• **YOUR INSTRUCTIONS**
Each line of the data below between the one containing "Визначте правильні варіанти" and the one containing "Дельта, ООО по", both included, is to be repeated exactly. Please omit pictures.

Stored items
+===+

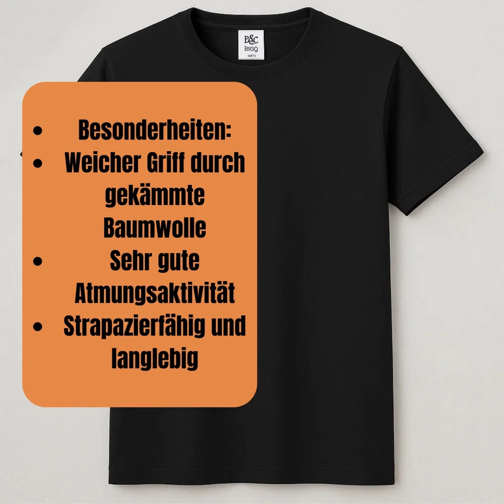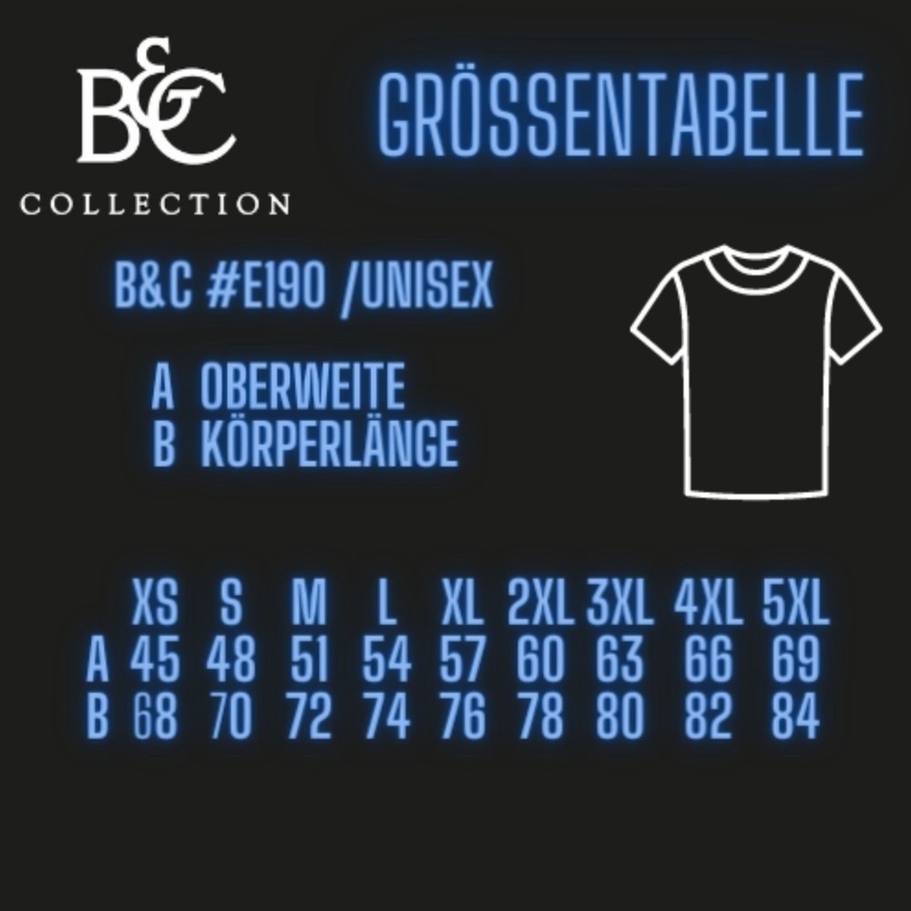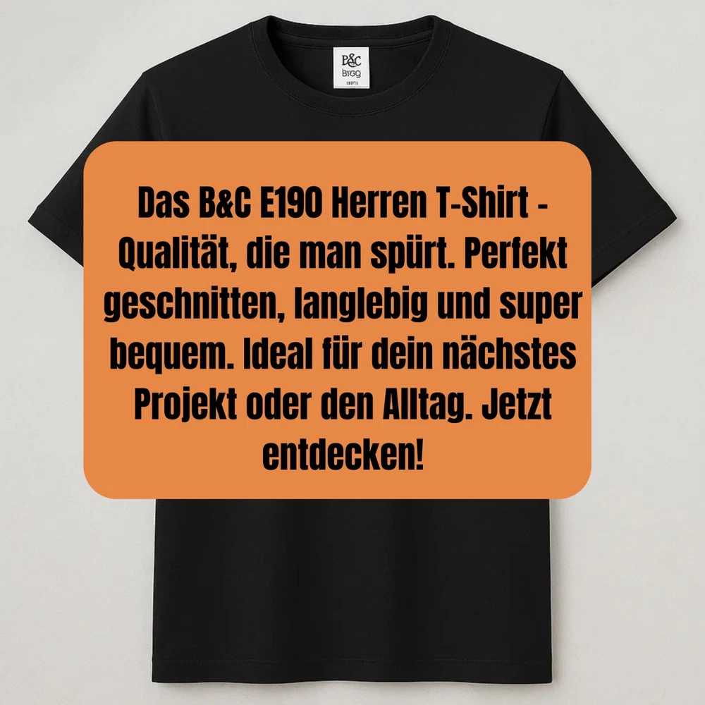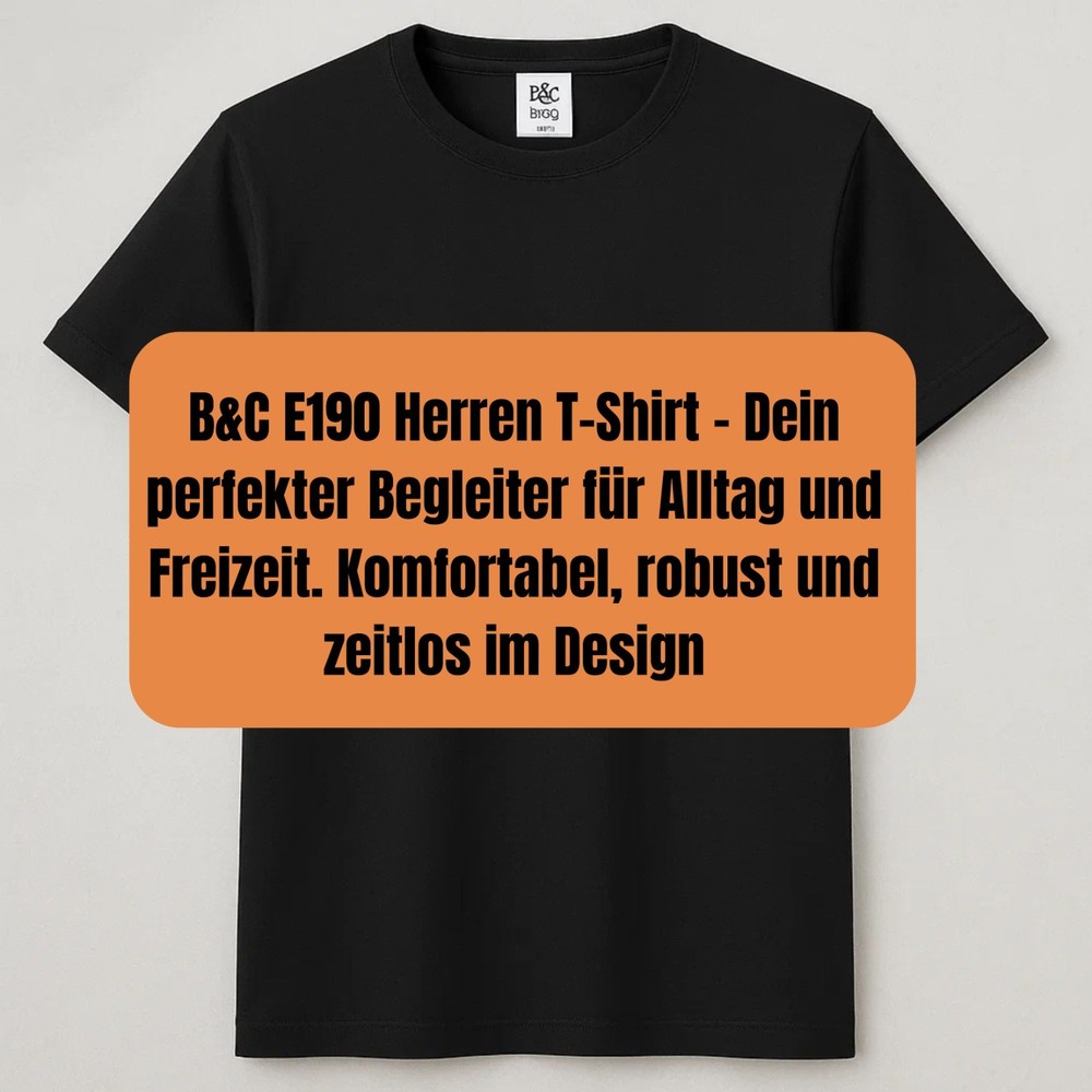 B&C E190 Herren T-Shirt Komfort und Qualität für jeden Tag Erleben Sie das B&C E190 Herren T-Shirt, ein hochwertiges Basic, das durch erstklassige Materialien und präzise Verarbeitung besticht. Dieses Shirt besteht aus 100 % ringgesponnener, gekämmter Baumwolle, die für ein besonders weiches Hautgefühl sorgt. Melierte Farbvarianten enthalten einen kleinen Polyesteranteil von ca. 5 %, der die Strapazierfähigkeit erhöht. Der klassische Regular Fit Schnitt garantiert eine bequeme Passform, die sowohl im Alltag als auch beim Sport oder als Werbeträger überzeugt. Mit einem Materialgewicht von ca. 185 g/m² ist das Shirt robust und atmungsaktiv zugleich und behält seine Form auch nach häufigem Waschen. Der Rundhalsausschnitt mit elastischem Rippstrick sorgt für Formstabilität und einen modernen Look. Die doppelten Nähte an Ärmeln und Saum erhöhen die Langlebigkeit des Shirts. Durch seine Vielseitigkeit eignet sich das B&C E190 hervorragend für individuelle Bedruckungen, sei es für Firmenwerbung, Events oder private Gestaltung. Produktdetails Material: 100 % ringgesponnene, gekämmte Baumwolle (bei melierten Farben ca. 95 % Baumwolle / 5 % Polyester) Materialgewicht: ca. 185 g/m² optimaler Mix aus Stabilität und Komfort Schnitt: Klassischer Regular Fit für eine lässige, bequeme Passform Größen: XS bis 5XL für jede Körpergröße und Statur die passende Wahl Farben: Breite Palette von klassischen bis trendigen Farben Kragen: Rundhalsausschnitt mit elastischem Rippstrick für extra Formbeständigkeit Nähte: Doppelte Nähte an Ärmeln und Saum für erhöhte Strapazierfähigkeit Pflegehinweise: Maschinenwäsche bei 40 °C, nicht bleichen, schonender Trocknerbetrieb möglich, bügeln bei mittlerer Temperatur Vorteile auf einen Blick Hochwertige Materialqualität für langanhaltenden Tragekomfort Langlebige Verarbeitung und Formstabilität auch nach vielen Waschgängen Vielseitiger Schnitt ideal für Freizeit, Sport und Arbeit Perfekt geeignet für individuelle Textildrucke und Veredelungen Pflegeleicht und alltagstauglich Bestellen Sie jetzt das B&C E190 Herren T-Shirt und sichern Sie sich ein langlebiges, bequemes und stylisches Basic, das in keinem Kleiderschrank fehlen darf.
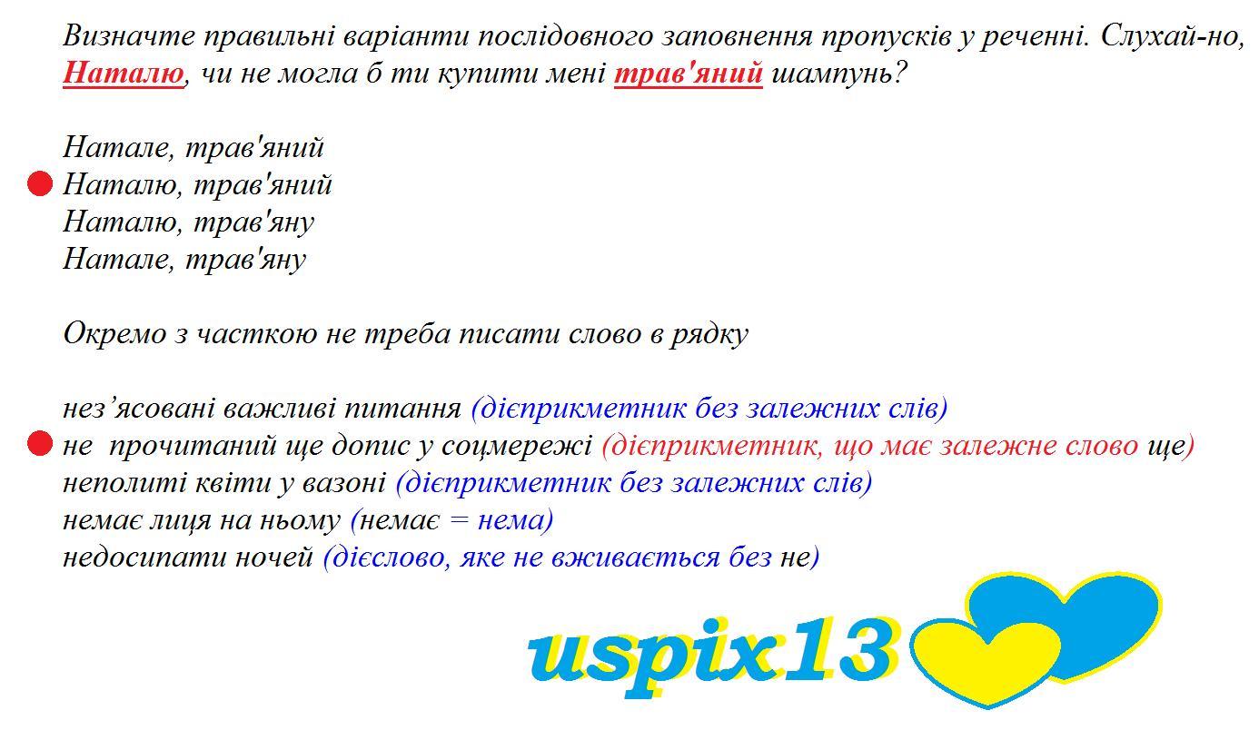 Визначте правильні варіанти послідовного заповнення пропусків у реченні. Слухай-но, __________, чи не могла б ти купити мені __________ шампунь? * 1 бал Натале, трав'яний Наталю, трав'яний Наталю, трав'яну Натале, трав'яну
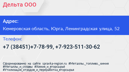 Дельта, ООО по адресу Кемеровская область, Юрга, Ленинградская улица, 52 в дальнейшем Организация, размещена в следующих категориях:
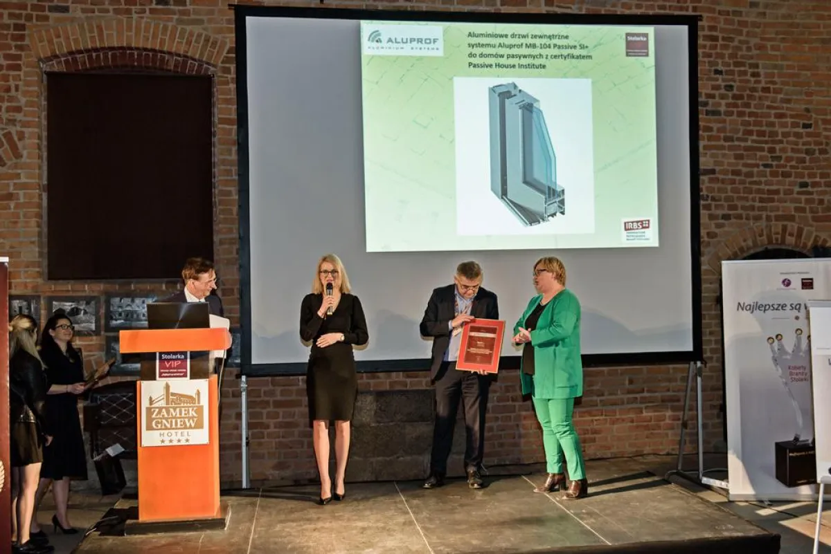 Bielitz/Polen, den 09. März 2018 – Die Firma ALUPROF, einer der führenden Entwickler von Aluminiumsystemen in Europa, wurde im Bereich der innovativen Holzverarbeitung 2018 ausgezeichnet. Bei der feierlichen Gala der 20. Zusammenkunft der Fenster- und Türenbauer im Schloss Gniew am 22. Februar 2018 wurde dem Unternehmen die Auszeichnung für das Aluminium-Rollladensystem SP und SP-E und die Türen des MB-104 Passive SI+ Systems verliehen. Organisator dieser jährlich stattfindenden Veranstaltung sind die VIP Fenster- und Türenbauer.
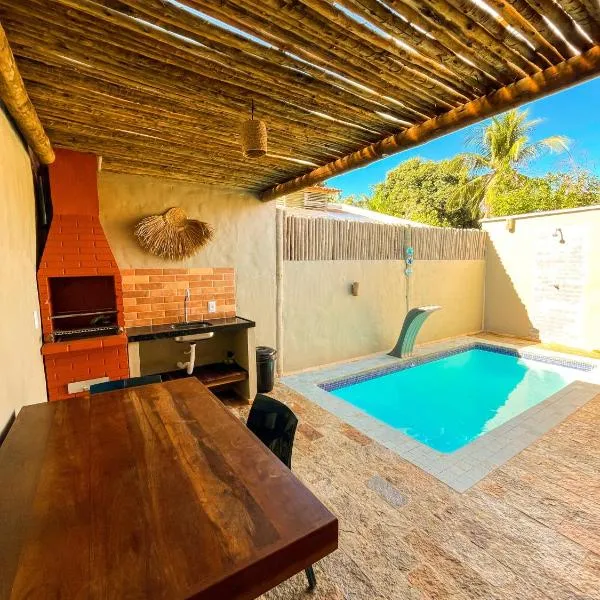 Casa de veraneio se nachází v destinaci Fortim a nabízí venkovní bazén, zahradu, sdílený lounge a ubytování s bezplatným Wi-Fi a výhledem do zahrady.

+===+

• **REPLY**
 Визначте правильні варіанти послідовного заповнення пропусків у реченні. Слухай-но, __________, чи не могла б ти купити мені __________ шампунь? * 1 бал Натале, трав'яний Наталю, трав'яний Наталю, трав'яну Натале, трав'яну
 Дельта, ООО по адресу Кемеровская область, Юрга, Ленинградская улица, 52 в дальнейшем Организация, размещена в следующих категориях:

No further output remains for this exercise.